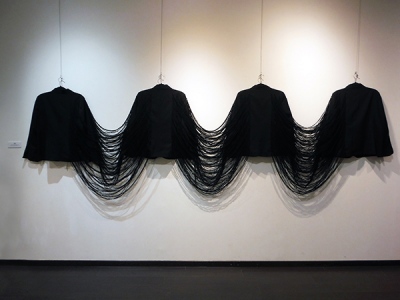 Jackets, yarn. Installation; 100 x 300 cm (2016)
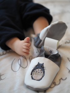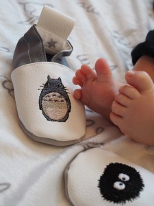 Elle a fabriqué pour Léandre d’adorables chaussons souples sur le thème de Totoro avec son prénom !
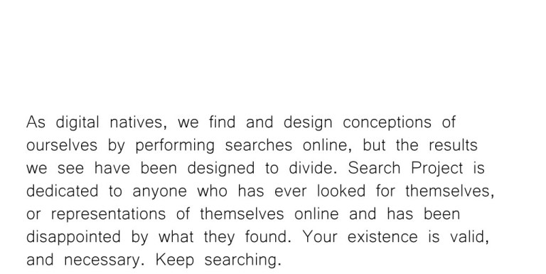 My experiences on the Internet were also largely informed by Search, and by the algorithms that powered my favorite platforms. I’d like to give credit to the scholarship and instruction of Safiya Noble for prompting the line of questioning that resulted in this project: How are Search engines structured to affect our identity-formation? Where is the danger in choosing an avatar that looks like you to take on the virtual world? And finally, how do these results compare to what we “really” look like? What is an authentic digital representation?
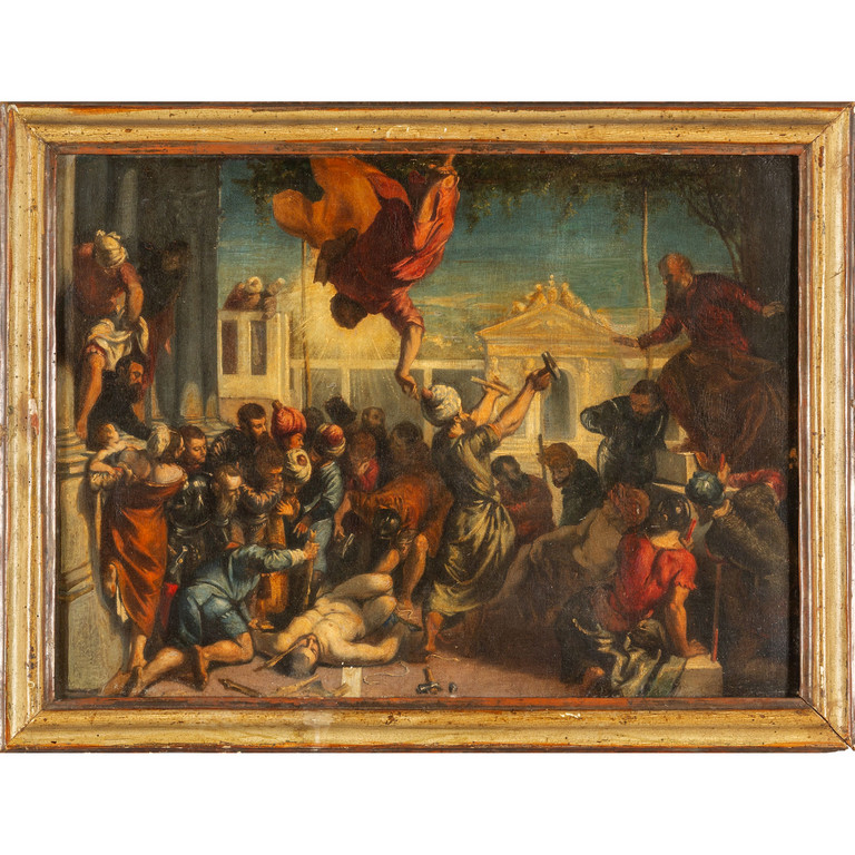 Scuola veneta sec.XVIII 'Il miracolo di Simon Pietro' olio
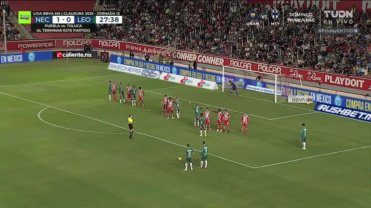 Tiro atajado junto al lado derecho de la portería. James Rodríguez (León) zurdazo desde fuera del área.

--

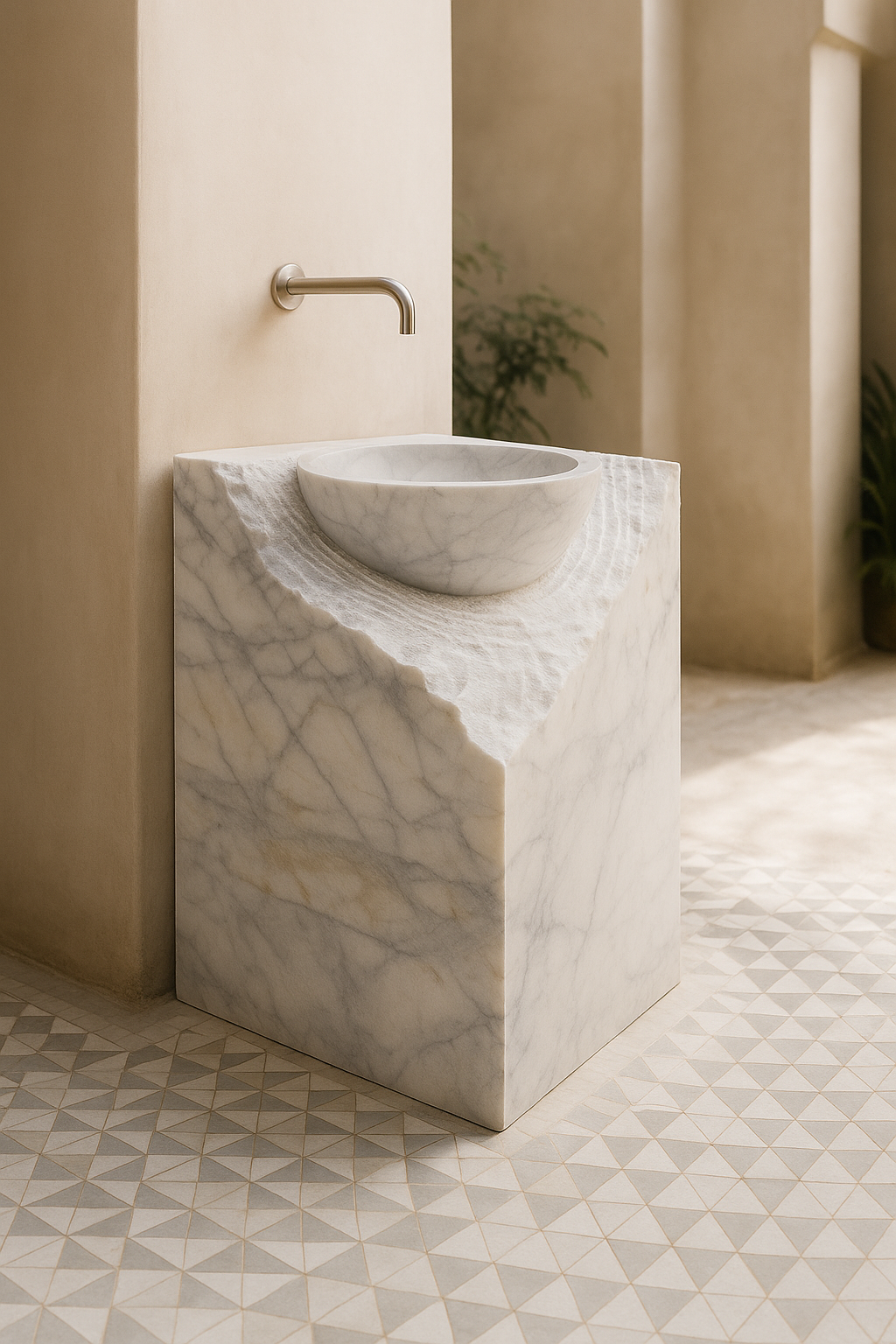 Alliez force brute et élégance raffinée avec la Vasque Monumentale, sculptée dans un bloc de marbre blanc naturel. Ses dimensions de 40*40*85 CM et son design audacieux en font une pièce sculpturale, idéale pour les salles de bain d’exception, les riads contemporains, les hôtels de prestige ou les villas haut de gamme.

What is needed: Would you copy, word for word, only the lines above from the one containing "Jackets, yarn. Installation;" through the one containing "Tiro atajado junto", both included, and please leave out the pictures?

Task result:
 Jackets, yarn. Installation; 100 x 300 cm (2016)
 Elle a fabriqué pour Léandre d’adorables chaussons souples sur le thème de Totoro avec son prénom !
 My experiences on the Internet were also largely informed by Search, and by the algorithms that powered my favorite platforms. I’d like to give credit to the scholarship and instruction of Safiya Noble for prompting the line of questioning that resulted in this project: How are Search engines structured to affect our identity-formation? Where is the danger in choosing an avatar that looks like you to take on the virtual world? And finally, how do these results compare to what we “really” look like? What is an authentic digital representation?
 Scuola veneta sec.XVIII 'Il miracolo di Simon Pietro' olio
 Tiro atajado junto al lado derecho de la portería. James Rodríguez (León) zurdazo desde fuera del área.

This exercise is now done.